NBC: U.S. is evaluating Turkish materials on Fethullah Gulen
The White House is looking for ways to remove an enemy of Turkish President Recep Erdogan from the U.S. in order to placate Turkey over the murder of journalist Jamal Khashoggi, according to two senior U.S. officials and two other people briefed on the requests, NBC reports.
Trump administration officials last month asked federal law enforcement agencies to examine legal ways of removing exiled Turkish cleric Fethullah Gulen in an attempt to persuade Erdogan to ease pressure on the Saudi government, the four sources said.
The effort includes directives to the Justice Department and FBI that officials reopen Turkey's case for his extradition, as well as a request to the Homeland Security Department for information about his legal status, the four people said.
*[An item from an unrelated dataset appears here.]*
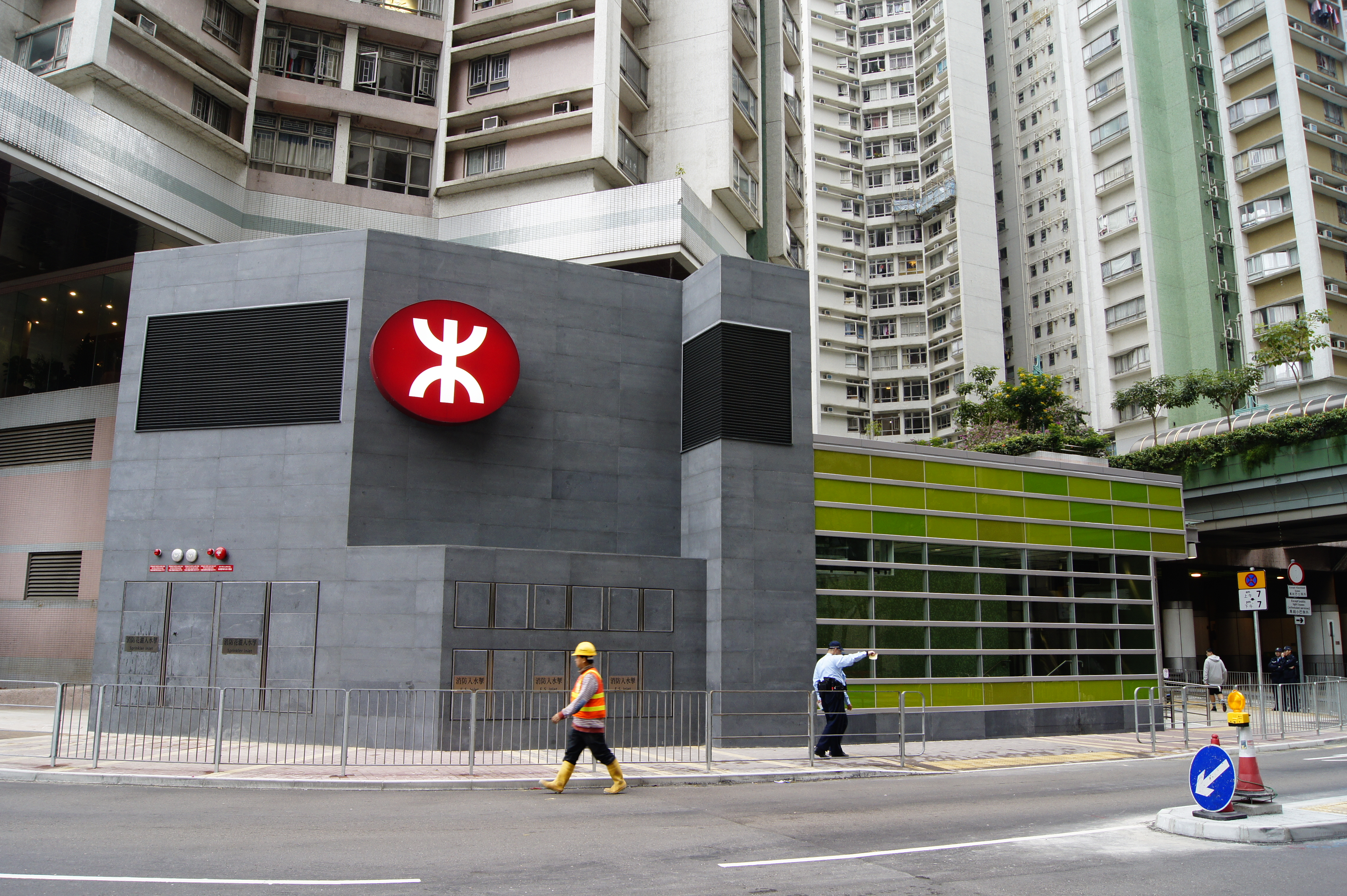 MTR South Horizons Station Exit C

They said the White House specifically wanted details about Gulen's residency status in the U.S. Gulen has a Green Card, according to two people familiar with the matter. He has been living in Pennsylvania since the late 1990s.
Career officials at the agencies pushed back on the White House requests, the U.S. officials and people briefed on the requests said.
"At first there were eye rolls, but once they realized it was a serious request, the career guys were furious," said a senior U.S. official involved in the process.
A spokesperson for the National Security Council initially declined to comment on this story but after it published, said in a statement: "The NSC has not been involved in nor aware of any discussions relating the extradition of Fethullah Gulen to the death of Jamal Khashoggi."
The State Department, Justice Department and the Department of Homeland Security did not respond to requests for comment.
A lawyer representing Gulen declined to comment. The FBI also declined to comment.
A Turkish official said the government does not link its concerns about the Khashoggi murder with Gulen's extradition case.